_EXERCISE_
Within the records below, find the line with "My dog took" and the line with "ECOVACS DEEBOT N10", then reproduce exactly those two lines and all lines between them, without any picture.

_THE DATA_

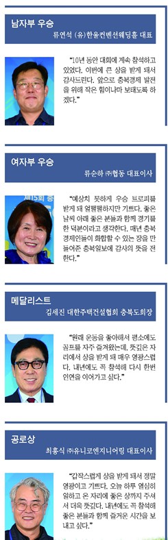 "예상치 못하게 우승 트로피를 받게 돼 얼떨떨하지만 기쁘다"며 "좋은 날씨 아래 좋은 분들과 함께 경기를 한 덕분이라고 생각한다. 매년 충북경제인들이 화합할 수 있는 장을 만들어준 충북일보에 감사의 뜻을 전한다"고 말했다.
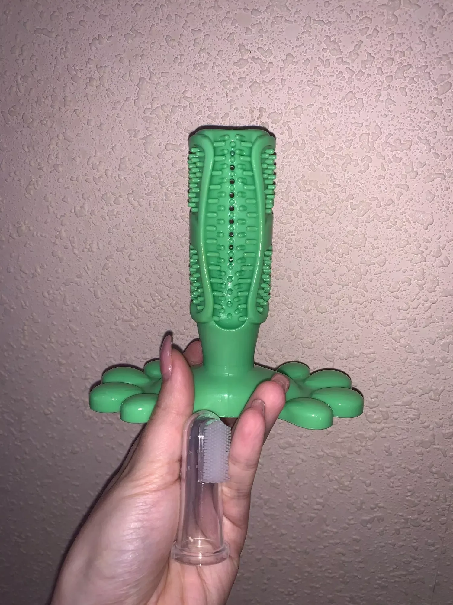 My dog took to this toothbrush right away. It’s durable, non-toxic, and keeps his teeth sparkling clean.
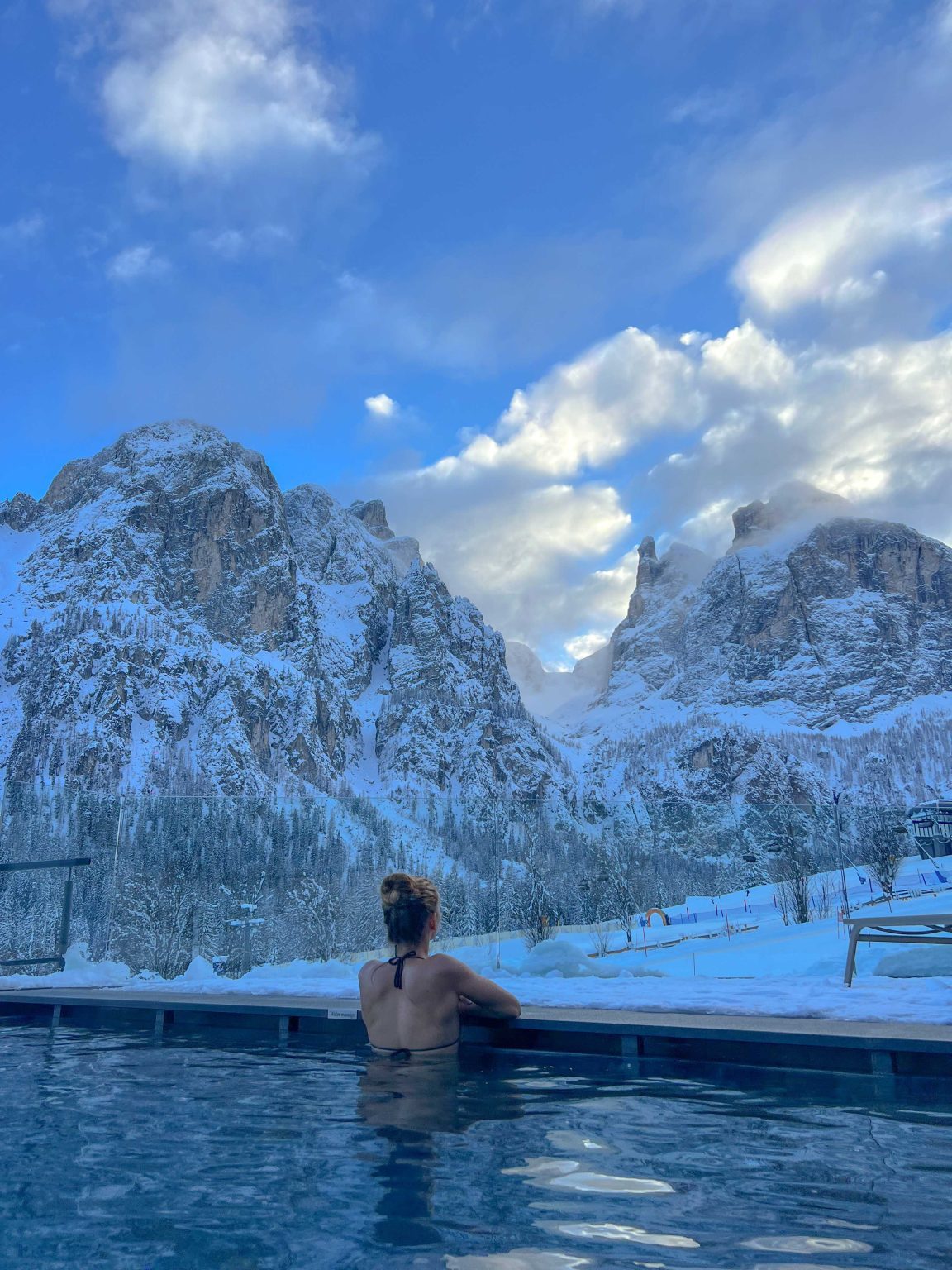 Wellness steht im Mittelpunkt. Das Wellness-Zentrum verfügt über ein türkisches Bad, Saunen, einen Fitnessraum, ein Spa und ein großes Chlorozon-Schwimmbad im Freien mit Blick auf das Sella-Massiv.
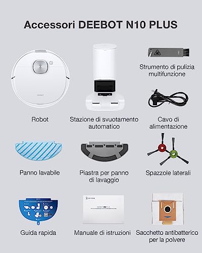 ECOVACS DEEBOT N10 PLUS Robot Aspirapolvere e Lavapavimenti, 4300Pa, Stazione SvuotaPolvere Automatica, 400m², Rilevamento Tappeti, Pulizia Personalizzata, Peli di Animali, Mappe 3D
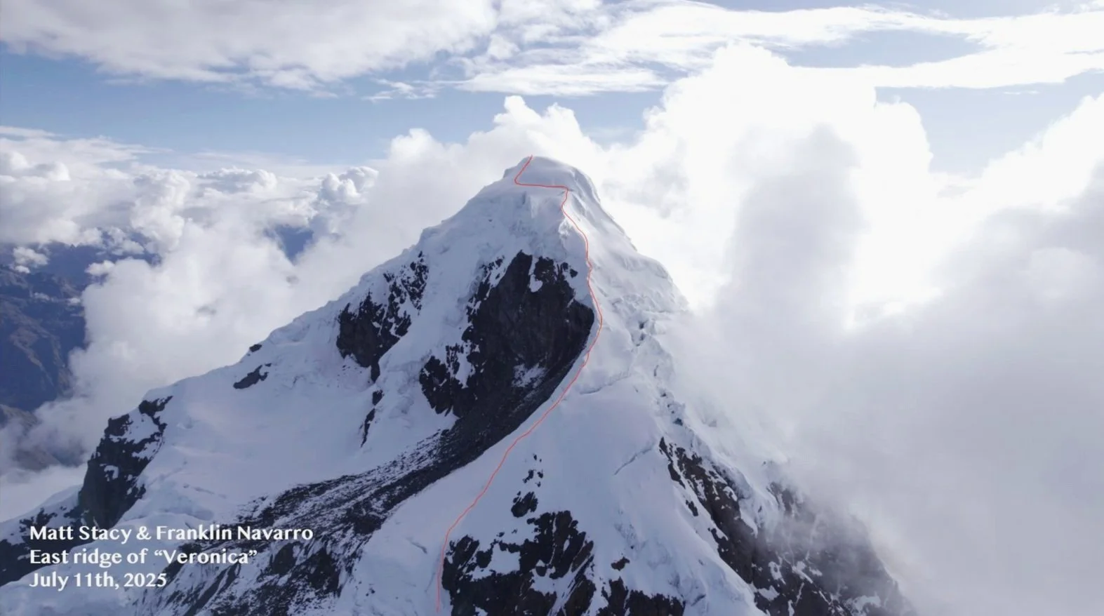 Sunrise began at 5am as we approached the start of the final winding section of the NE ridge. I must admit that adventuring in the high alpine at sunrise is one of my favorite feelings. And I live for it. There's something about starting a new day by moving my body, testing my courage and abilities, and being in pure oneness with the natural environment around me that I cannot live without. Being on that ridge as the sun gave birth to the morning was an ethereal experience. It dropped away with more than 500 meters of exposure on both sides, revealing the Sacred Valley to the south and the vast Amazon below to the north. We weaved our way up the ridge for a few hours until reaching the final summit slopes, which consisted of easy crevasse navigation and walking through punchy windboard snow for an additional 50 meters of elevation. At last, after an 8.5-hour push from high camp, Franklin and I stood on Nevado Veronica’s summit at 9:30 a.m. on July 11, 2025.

_EXPECTED ANSWER_
 My dog took to this toothbrush right away. It’s durable, non-toxic, and keeps his teeth sparkling clean.
 Wellness steht im Mittelpunkt. Das Wellness-Zentrum verfügt über ein türkisches Bad, Saunen, einen Fitnessraum, ein Spa und ein großes Chlorozon-Schwimmbad im Freien mit Blick auf das Sella-Massiv.
 ECOVACS DEEBOT N10 PLUS Robot Aspirapolvere e Lavapavimenti, 4300Pa, Stazione SvuotaPolvere Automatica, 400m², Rilevamento Tappeti, Pulizia Personalizzata, Peli di Animali, Mappe 3D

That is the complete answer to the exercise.